PDT, population doubling time.
NA, not applicable.
Two-tailed Kruskal-Wallis test.
Relative to ethanol vehicle controls.
The original progenitor culture was split at time point zero to generate control and treated cell cultures. For each metal treatment six replicate cultures were established and maintained in parallel with six untreated controls. Control and treated D2763Kc2 cell cultures were then maintained for a period of 73 days, corresponding to 73 population doublings (PDT = 23.9 h). Following chronic exposure, the repeat length variability of each chemically treated culture was assessed by sensitive SP-PCR techniques and compared to the progenitor and control cultures grown in the absence of the metal (Figure 2). The transgenic repeat length continued to expand rapidly in control cells, with a median expansion rate of 1.0 repeat per day. Metal-treated cultures displayed median expansion rates varying from 0.81 to 1.18 repeats per day. We determined if the median expansion rates measured in control and treated cultures were statistically different, using single molecule analyses as previously described (Gomes-Pereira and Monckton, 2004; Gomes-Pereira et al., 2014). Cadmium exposure did not change the expansion rate of the trinucleotide repeat sequence, which continued to expand at a median expansion rate of 1.13 repeats per day that did not differ significantly from control cells (p = 0.168, Kuskal-Wallis test). Surprisingly, manganese-treated cells displayed a median repeat expansion of 0.81 repeats per day, representing a significant reduction of ~ 20% relative to untreated cells (p = 0.026, Kuskal-Wallis test), ~28% relative to cadmium-treated cultures (p = 0.0023, Kuskal-Wallis test) and ~ 31% relative to zinc-treated cultures (p = 0.0021, Kuskal-Wallis test).
It is conceivable than rather than affecting the median repeat length in culture, the exposure to cadmium changes the spread of repeat sizes carried by individual cells.
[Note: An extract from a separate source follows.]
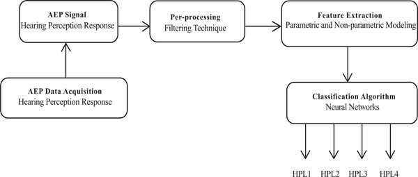 The authors [47-51] addressed the problem by analyzing the complete waveform of AEPs instead of searching the defined peaks. The interpretation of wave (IV, V) is more complex and even small changes in the waveform can lead to large changes in their latency and amplitudes of wave IV and V. The recorded AEP signal contains the deterministic and the stochastic components. Researchers have focused their attention on the changes of the structure of AEP signal or characteristic of AEP signal in determining the hearing threshold level of a person. Shangkai et al. [47] had estimated the AR models for the AEP records of normal hearing and abnormal hearing persons. The estimated hearing thresholds by model parameters were very different dynamic structures from normal and abnormal persons with hearing loss problems. The estimated hearing threshold by parametric model holds good agreement with the audiologist assessment. Sudirman et al. [48] investigated EEG based hearing ability identification level using artificial intelligence. AEP signal was recorded for 10 seconds and collected from temporal lobes (T3, T4, T5, and T6) of the brain. The signals were analyzed using FFT. The extracted features were trained using gradient descendant algorithm with momentum. The feed-forward neural network was used to classify the hearing level based on brain signals. Emre et al. [8] used the continuous time wavelet entropy of auditory evoked potential and characterized by the relative energy in the EEG frequency bands. Continuous time wavelet gives detailed information of AEP response of brain which determines threshold level of a person.

We used the variance of repeat sizes in each replicate culture as a measure of repeat size dispersion, and tested if the chronic exposure to metals caused significant changes between treatments. In addition to the reduction in the expansion rate, treatment with manganese also decreased repeat size heterogeneity relative to controls (2226.0 ± 301.0, manganese; 4058.9 ± 26.4, control; p = 0.030, Kuskal-Wallis test). In conclusion, while cadmium did not detectably modify the somatic instability of CAG•CTG repeats in D2763Kc2 mouse kidney cells, manganese appeared to slow down trinucleotide repeat expansion in culture.
Effects of Antioxidants on the Dynamics of Trinucleotide Repeats in Cultured Cells
To determine if antioxidants are capable of slowing down repeat expansion in our cell model of unstable trinucleotide sequences, we treated D2763Kc2 cells over 73 days with a panel of well-known primary antioxidants that exhibit efficient radical-scavenging activity: melatonin, ascorbic acid and Trolox C (an analog of vitamin E) (Simunkova et al., 2019). In parallel, long-term exposure to hydrogen peroxide was used to mimic conditions of chronic oxidative stress. As in previous experiments, we selected the highest dose of hydrogen peroxide and antioxidants that did not interfere with cell survival and PDT (Supplementary Figure 3, Table 4). The dynamics of expanded CAG•CTG repeats in D2763Kc2 cells was not affected by chronic exposure to hydrogen peroxide and antioxidants (Figure 3). Cells treated with antioxidants continued to expand at a rate of 0.91 to 1.10 repeats per day, which was not statistically different from the rate measured in untreated cells, or in cells exposed to ethanol (solvent control for melatonin and Trolox C). We then tested if repeat size variability (rather than repeat median) was different between treatments. Interestingly the variance of repeat sizes following ascorbic acid exposure was significantly lower relative to untreated control cells (2713.3 ± 129.7, ascorbic acid; 3390.7 ± 195.7, control; p = 0.0411, Kruskal-Wallis test). The other treatments did not change significantly the spread of repeat sizes. Together our data suggest that the dynamics of the expanded CAG•CTG sequence is not greatly altered by oxidizing agents or antioxidants in our cell culture model system of unstable triplet repeats.
Discussion
Our main aim was to determine if the exposure to chemicals reported to reduce MMR activity and oxidative stress could modify the dynamics of expanded trinucleotide repeats. Our findings reveal that chronic exposure of our cell culture models of unstable CAG•CTG trinucleotides to sub-lethal doses of cadmium (a putative MMR inhibitor), as well as melatonin, ascorbic acid and Trolox C (well-known antioxidants) did not affect the somatic repeat expansion rate. We have however identified manganese, as a divalent metal that appears capable of stabilizing the repeat, and ascorbic acid as a water-soluble antioxidant that appears to reduce repeat size variability without affecting the overall net repeat expansion rate.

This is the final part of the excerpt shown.